In view of the above, it is an object of the present invention to provide a fully automated method for harvesting fruit that allows the integrity of the berries and fruit clusters to be maintained. In particular, the harvesting method must allow to identify and locate the fruit to be harvested, preferably according to its maturity. Another object of the invention is to provide a process whose implementation and development costs are matched to the use in agricultural fields.

Disclosure of Invention

To this end, the invention provides a method for harvesting fruit, which comprises automatically identifying and locating the stems or stalks of the fruit, and individually and automatically cutting the fruit at these stems or stalks. The identification and localization of the stems is performed in two stages: in a first phase, a so-called overall image is acquired, representing a relatively large portion of a tree, bush or plant, and one or more fruits are detected in the overall image; in the second stage, a so-called local image is taken of each detected fruit, and the stems or stalks of these fruits are identified and positioned for their individual cutting.

More specifically, the object of the present invention is a method for harvesting fruit bearing stems or stalks, comprising:

■ detecting a region of interest in the overall image representing the grouping of plants, wherein one or more regions of interest are detected in the overall image using image processing, each region of interest comprising at least a part of a fruit,

■ acquiring local images, wherein local images are acquired in the vicinity of each region of interest, each local image representing at least a part of the fruit of the region of interest considered, and

■ identifying a stem or stalk, wherein the stem or stalk is identified in each of the partial images.

A plant group is considered to carry a group of fruits, such as a bunch of fruits. For example, a plant group is formed by a fruit tree or shrub, a climbing plant (e.g., cucumber or tomato), or a grape tree. In the latter case, the fruit to be harvested is a bunch of grapes. The overall image represents all or part of the plant grouping. As an example, the overall image may be about 1m²Area (square meters) is imaged.

The overall image may be a two-dimensional or three-dimensional image. Typically, a two-dimensional image is formed using a camera comprising a sensor formed by a set of photosensitive elements (or pixels) organized in a matrix. Each pixel may be associated with an intensity of radiation in multiple bands of the visible, ultraviolet, and/or infrared spectrum. The visible spectrum is defined as the electromagnetic spectrum with wavelengths comprised between 390nm (nanometers) and 780 nm; the ultraviolet spectrum is defined as the electromagnetic spectrum with wavelengths comprised between 10nm and 390 nm; and the infrared spectrum is defined as the electromagnetic spectrum with wavelengths comprised between 780nm and 0.1mm (millimeters). In particular, each pixel may be associated with a radiation intensity in a band of the near infrared spectrum (comprised between 780nm and 3 μm (micrometer)). For example, the overall image is a multispectral image, that is to say data captured in a plurality of generally separate wavelength bands, or a hyperspectral image, that is to say data captured in a plurality of wavelength bands covering a wide wavelength range.
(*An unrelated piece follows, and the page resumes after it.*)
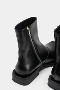 Product details • Upper: Cow Leather • Lining: Cow Leather • Sole: Rubber • Heel: Wood / Rubber • Insole: Leather Cover • Branding: Woven Label • Zip / Puller: Metal • Heel Elevation: 22mm • Made in Portugal

The three-dimensional image comprises a point cloud, each point being defined by a location in space. Each point of the three-dimensional image may also be associated with an intensity of radiation in multiple bands of the visible, ultraviolet, and/or infrared spectrum.

Image processing for detecting regions of interest in the overall image may include supervised or unsupervised classification methods based on shape and color.
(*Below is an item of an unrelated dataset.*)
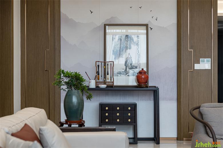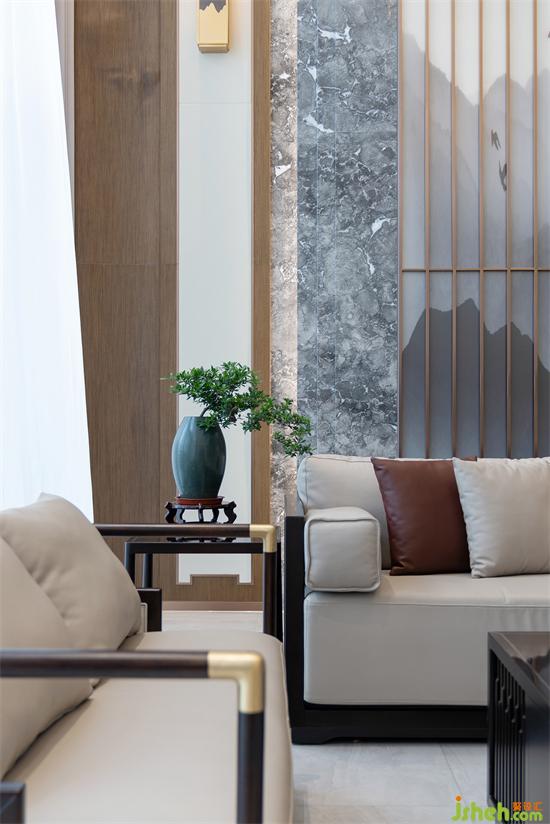 大理石與木質(zhì)不同色調(diào)的結(jié)合打造了空間的質(zhì)感和親切感,中式綠植的裝點(diǎn)讓空間更加有生氣,中式極簡(jiǎn)的沙發(fā)造型、山水裝飾畫、中式擺件營(yíng)造空間東方美的意境。

A partial image is acquired to enable the stem or stalk of the fruit to be identified and located. Thus, the local image is acquired with a narrow field of view, indicating only one fruit, i.e. the detected fruit of the region of interest. Still by way of example, each partial image may be 300cm²The area of the range is imaged. In this sense, the stem of the fruit is generally located above the main part of the fruit by the action of gravity, preferably the local image is taken in a downward view, that is, below the horizontal line, so that the stem in the local image is visible.

Each partial image may be a two-dimensional image or a three-dimensional image. Each two-dimensional partial image comprises a set of pixels, each pixel being defined by radiation intensities in a plurality of bands of the visible spectrum and/or the infrared spectrum. Each three-dimensional partial image comprises a point cloud, each point being defined by a position in space and by radiation intensities in a plurality of bands of the visible and/or infrared spectrum.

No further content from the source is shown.